State education commissioner, in first speech, emphasizes collaboration
New York state’s new education commissioner, in her first address since beginning the job just over one week ago, told the rural schools association meeting in Cooperstown, that she intends to be more inclusive to teachers.
Mary Ellen Elia, a western New York native and former teacher who most recently oversaw a large school district in Florida, steps into the education commissioner role at a time when teachers are angry over new evaluations that rely more heavily on standardized tests and with parents are disillusioned over the new Common Core standards and the related exams that their children have to take.
Elia says her style will be “collaborative,” and she says she will work with the teachers and their union to seek their input designing the tests. The tests will be administered by a new company, Questar, after the state severed its ties with another company after criticism about the process .
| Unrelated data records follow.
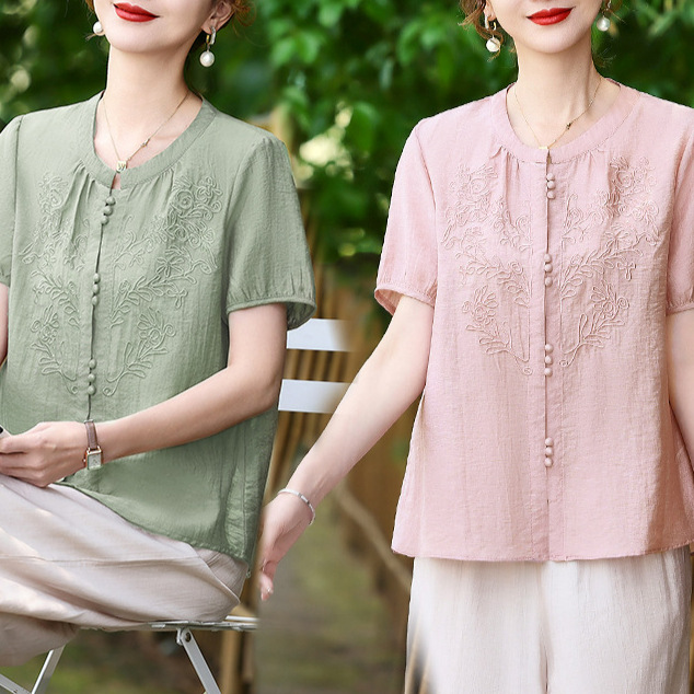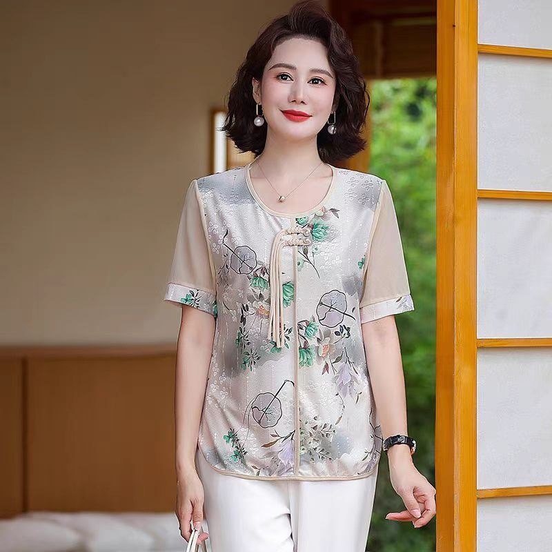 ママの夏シャツ、半袖シャツ、中高年女性の新しい中国風立体スタイルルーズトップ刺繍なし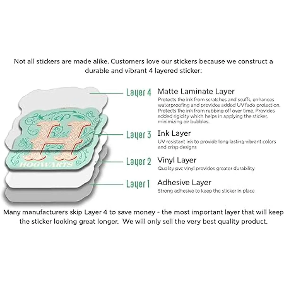 Alta calidad: estas calcomanías con licencia oficial están hechas de vinilo de alta calidad y selladas para proporcionar una impermeabilidad superior y protección UV. El fuerte adhesivo mantendrá las calcomanías en su lugar. Mejor cuando se utiliza en superficies lisas y duras. No están diseñados para uso prolongado en exteriores.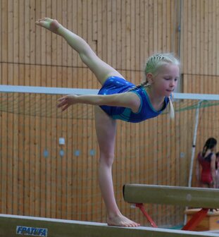 Mannschaftswettkämpfen im Herbst werden sie versuchen die Balkenübungen zu
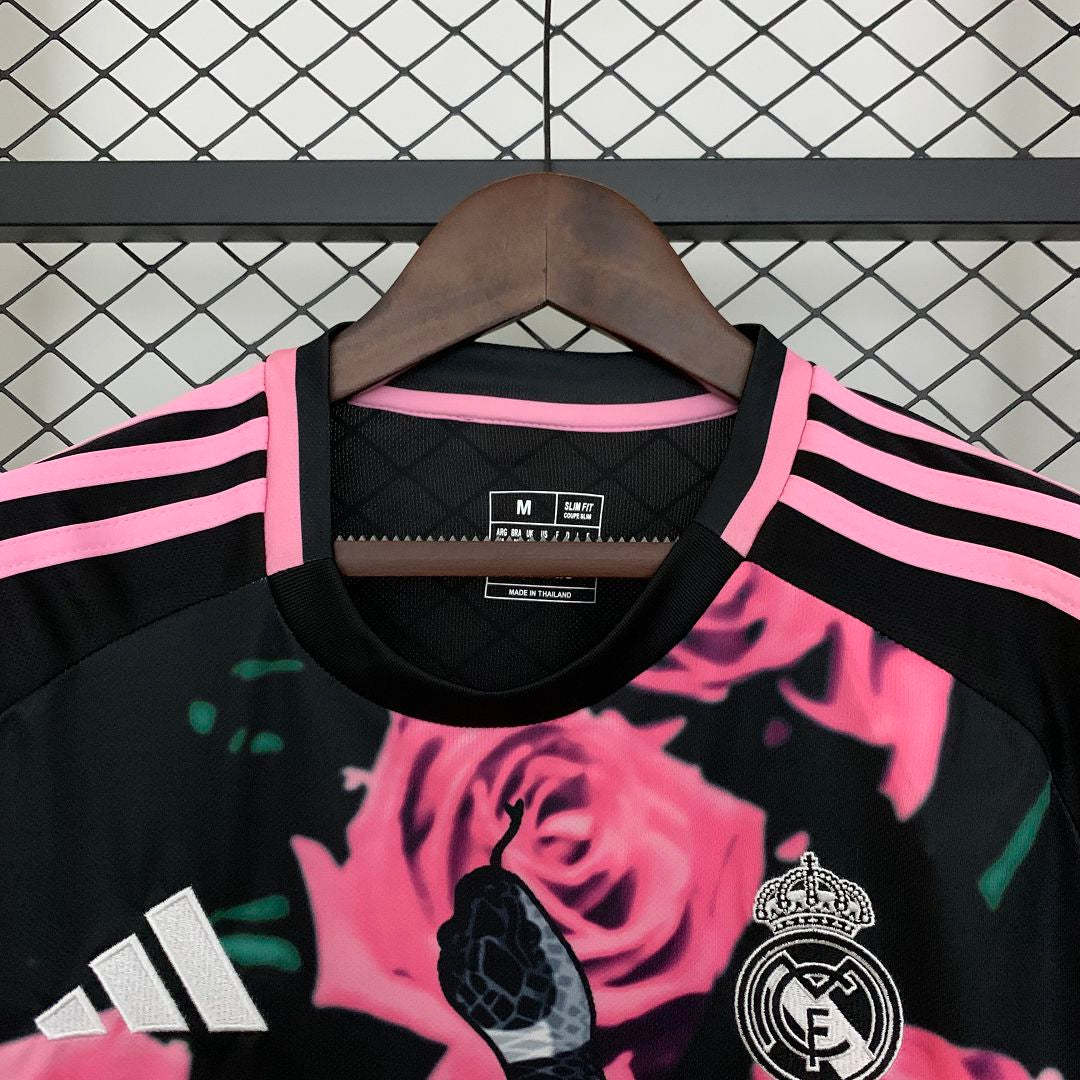 Stand out with the Real Madrid Pink Snake Kit, a daring fusion of elegance and power. Featuring a vibrant pink base with subtle snake-scale patterns, it symbolizes confidence, energy, and dominance. Made from lightweight, breathable fabric, it delivers top performance with unmistakable Los Blancos flair.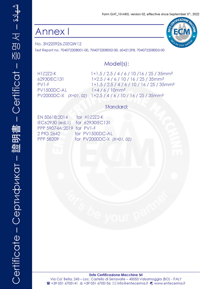 Вся продукция производится в строгом соответствии со стандартами IEC, EN, TÜV и UL, что обеспечивает долгосрочную безопасность, эффективность и долговечность систем солнечной энергии.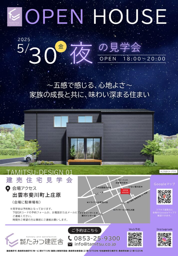 現在、5月30日(金)18:00~20:00にて夜の見学会の受付をおこなっております。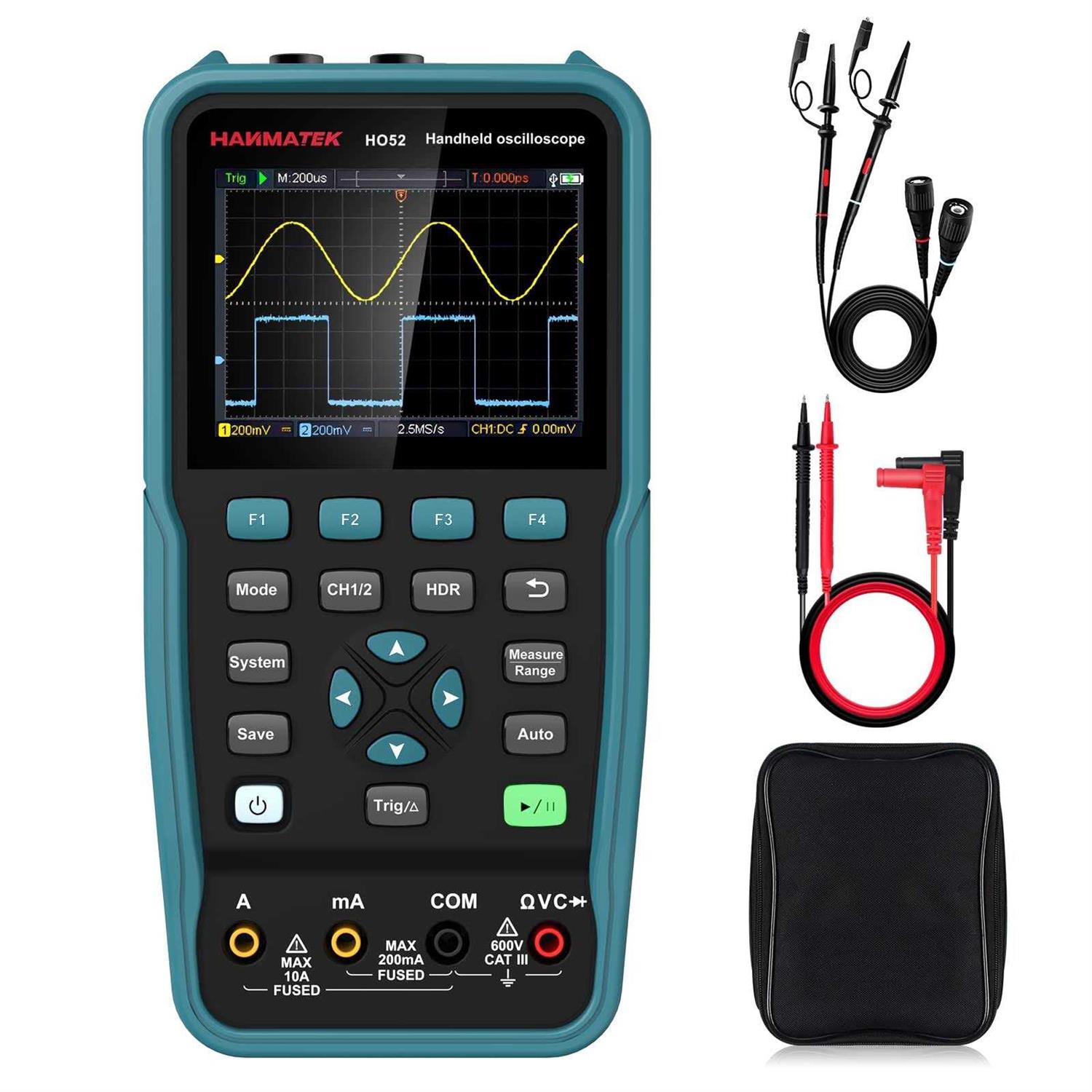 HANMATEK Handheld Digital Oscilloscope 50Mhz Bandwidth with 2 Channels HO52 3.5TFT Mini Oscilloscope, 2 in 1 Oscilloscope and Multimeter

“I’m going to work very hard to have teachers be part of the agenda to support students,” Elia says. “That will go a long way for teachers to feel like they have a voice in what’s happening.”
Elia also says schools may be granted waivers to delay new teacher evaluations for another year if they demonstrate that they are working with their teachers unions towards designing new reviews. The Board of Regents gave schools an out to begin the new evaluations in 2016 after Gov. Andrew Cuomo, in the state budget, successfully sought new teacher reviews to begin this fall.
“If they show that there is good progress being made or that there’s strong attempt to make progress then they’ll be in a strong position to access a waiver,” Elia said.
Cuomo has said he hopes the waivers are granted as exceptions and not the rule.